Service history is very important - check it's been performed regualary. There's Haldex oil to change every 20k miles and filter every 40k - often forgotten about. Go for the best immaculate condition TT you can find that's been loved and has perhaps low mileage. Don't go for a newer one if it comes with higher mileage and has not been looked after - suss out it's useage!

Would you be looking to get a warranty? Other things to consider are if you will be modifying the car (Chipping is well worth it for more power) and insurance.


----------



## Essex Audi (Aug 1, 2007)

many thanks really useful


----------



## ttsteve (Nov 1, 2007)

The audio system. Can be really expensive to get fixed.


----------



## donnaw (May 13, 2011)

I know this is an old thread, but thanks John-H, this is really useful info!


----------



## John-H (Jul 13, 2005)

Glad to help


----------



## YELLOW_TT (Feb 25, 2004)

Check the front jacking points have not been pushed it to the floor :!:


----------



## Booboo124 (Aug 25, 2011)

Thanks this has been of great help to me [smiley=dude.gif]


----------



## Mootoozoo (Sep 4, 2011)

Really appreciated your effort of putting all this information here. Its been very useful thanks!!!


----------



## mrblonde (Feb 2, 2011)

a great bit of knowledge john.

have read almost everyone of the indexes and im still learning new stuff

Mark


----------



## JamesML (Sep 20, 2011)

Also want to thank John for a great post.


----------



## tomd1338 (May 1, 2012)

Thanks for this, still coming in use!


----------



## LisaK (Jul 3, 2012)

Hello all, am looking to buy a MkI TT, am concerned about getting ripped off/scammed and looking at the hugely helpful list of things to check above.... well.... it's a tad daunting to say the least. Wondered if anyone has ever used anything like the AA or RAC vehicle inspection checks, assuming I'm not the only no-hoper on here????

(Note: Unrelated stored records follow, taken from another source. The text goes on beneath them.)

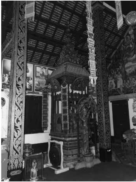
ภาพที่ 3 ร้านธรรม วิหารวัดปงสนุก จังหวัดลำปาง ลักษณะเป็นไม้แกะทาสีประดับกระจกรูปเทวดา สร้างแยกออกมาจากธรรมาสน์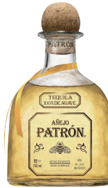
PATRÓN AÑEJO パトロン アネホ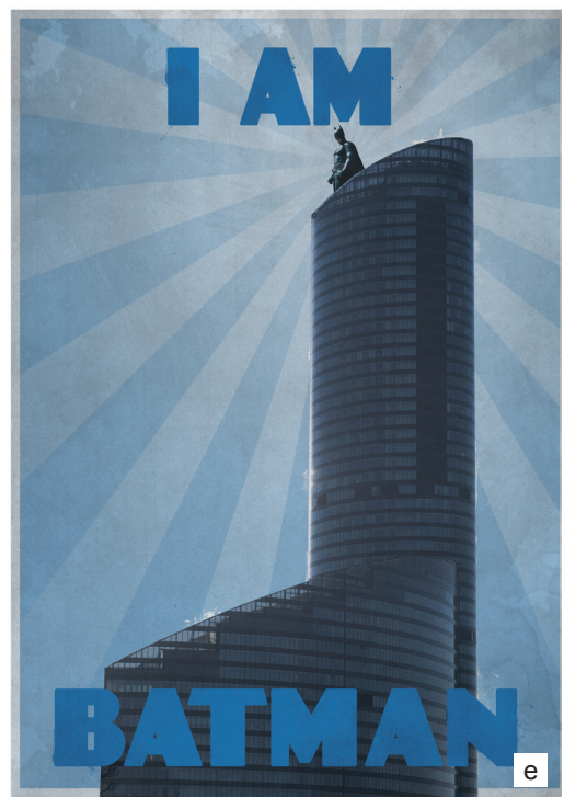
II. 3. Wrocław w kolażach autorstwa: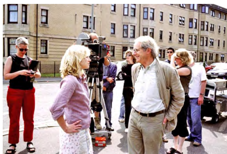
SUTRADARA Ken Loach (kanan) mengarahkan Eva Birthistle di lokasi syuting Ae Fond Kiss . Ia adalah sineas Inggris dengan gaya bertutur yang khas dan mengedepankan orisinalitas.

Kembali pada lapisan tadi. Begitu padatnya tiap lapisan menjadi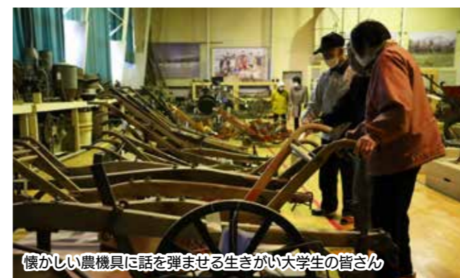
懐かしい農機具に話を弾ませる生きがい大学生の皆さん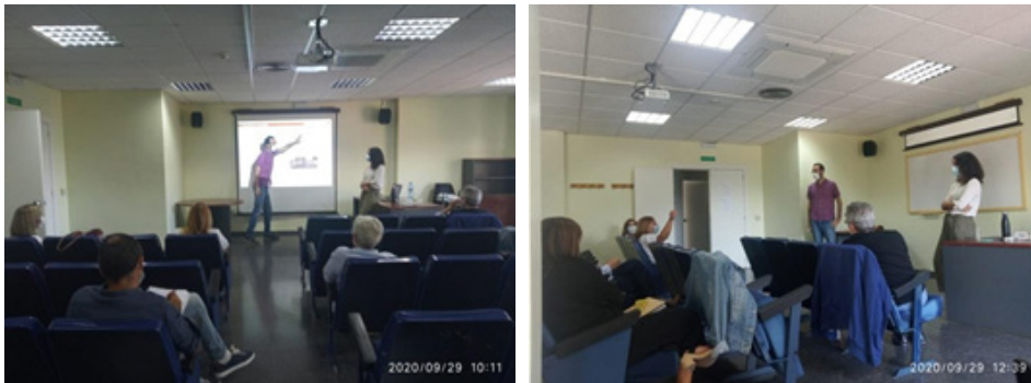
Fotografies preses durant la reunió formativa i el posterior taller de diagnòstic

dinàmiques participatives previstes aquell dia per tal de desenvolupar una primera aproximació tècnica al diagnòstic perceptiu de salut.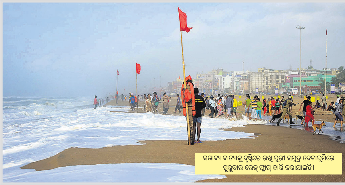
ସମ୍ଭାବ୍ୟ ବାତ୍ୟାକୁ ଦୃଷ୍ଟିରେ ରଖି ପୁରୀ ସମୁଦ୍ର ବେଳାଭୂମିରେ ଗୁରୁବାର ରେଡ୍ ଫ୍ଲାଗ୍ କାରି କରାଯାଇଛି ।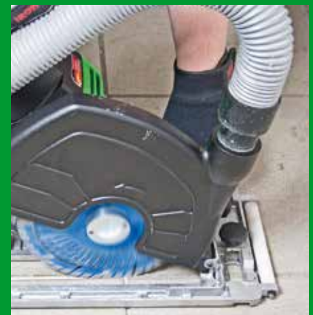
Fugensanierung hier: Trockenschnitt mit Eintauchtiefenbegrenzung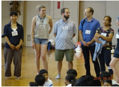
「みんなで20メートルの川をつくろう」 の講師陣（地元画家：外国人を含む）

Any advice greatly received, am missing some fab wheels right now


----------



## Hoggy (May 8, 2002)

Hi Lisa, Welcome to the TTF. 
To put it simply.
Service history is very important. cambelt/water pump every 65k miles or 5 years which ever comes first, dash instruments (dashpod) read correctly, coolant temp reaches 90 within a couple of miles & stays there.
Get written confirmation of cambelt/water pump change or reduce price by £500 & get it replaced ASAP.
3.2 V6 no turbo or cambelt to worry about, so should be more reliable, DSG may be weak link, unless you can find a manual.& a nicer exhaust note.
Don't rush into it. A good TT is a wonderful car, a bad un can be a money pit.
Plenty of good uns out there, but probably more bad uns, so as I said don't rush into it.
Hoggy.


----------



## jamman (May 6, 2002)

LisaK said:


> Hello all, am looking to buy a MkI TT, am concerned about getting ripped off/scammed and looking at the hugely helpful list of things to check above.... well.... it's a tad daunting to say the least. Wondered if anyone has ever used anything like the AA or RAC vehicle inspection checks, assuming I'm not the only no-hoper on here????
> 
> Any advice greatly received, am missing some fab wheels right now


Lisa an AA or RAC report would be a great idea just remember the car is quite old and the report does go on a bit


----------



## LisaK (Jul 3, 2012)

Great, thanks for the advice and the welcome!

Allegedly cambelt/pump changed at 64k but will check this and the others you advise when I go check it out. Problem is I was a TT owner not so long ago, so know what I am missing. Patience is a virtue I'm not naturally blessed with!!!

Thanks again.


----------



## John-H (Jul 13, 2005)

People have used RAC, AA etc and it's very thorough but because it costs a good chunk of money you should only be doing this on one car - the one you have checked out yourself as best you can and are just about to buy.


----------



## LisaK (Jul 3, 2012)

Thanks John-H.

Jamman, might give you a shout if this one doesn't work out for me...!


----------



## lee1710 (Jul 22, 2012)

John-H said:


> This might be useful:
> 
> Motorway miles are far less stressful with relatively little wear to gearbox, clutch, brakes, doors, suspension, steering etc, etc.
> 
> ...


 john, you sound just like the man to look at cars for me :-|


----------



## LisaK (Jul 3, 2012)

Thanks lee, I'd seen that before on an earlier nose around, and couldn't locate it when I needed it. Reading that sounds kinda daunting!


----------



## lee1710 (Jul 22, 2012)

LisaK said:


> Thanks lee, I'd seen that before on an earlier nose around, and couldn't locate it when I needed it. Reading that sounds kinda daunting!


yeah you not kidding lisa, kind of putting me off looking for one, im getting really disillusioned .


----------



## John-H (Jul 13, 2005)

Disillusioned?


----------



## aarond (Apr 12, 2013)

Thanks...be using this on Wednesday


----------



## TT r us (Apr 30, 2016)

Thanks John-H for thew write up. Will also use this when viewing any cars. Are there any trusted independent garages which would carry out a pre-purchase inspection check and report rather than AA/RAC, as I'd rather have a specialist who really knows theses cars look at it. If so how much do they charge?


----------



## John-H (Jul 13, 2005)

I'm sure someone would but I've no idea who. Most garages won't be set up to do this I'd have thought as they would have to make as much as they would in the workshop also accounting for travel time and disruption etc. No harm in asking though.


----------



## KSixTT6 (Nov 13, 2017)

Thanks for the advice John, will come in hand when viewing potential TT's or any other car in fact 8)


----------



## bc73 (Jan 14, 2018)

Very useful many thanks!


----------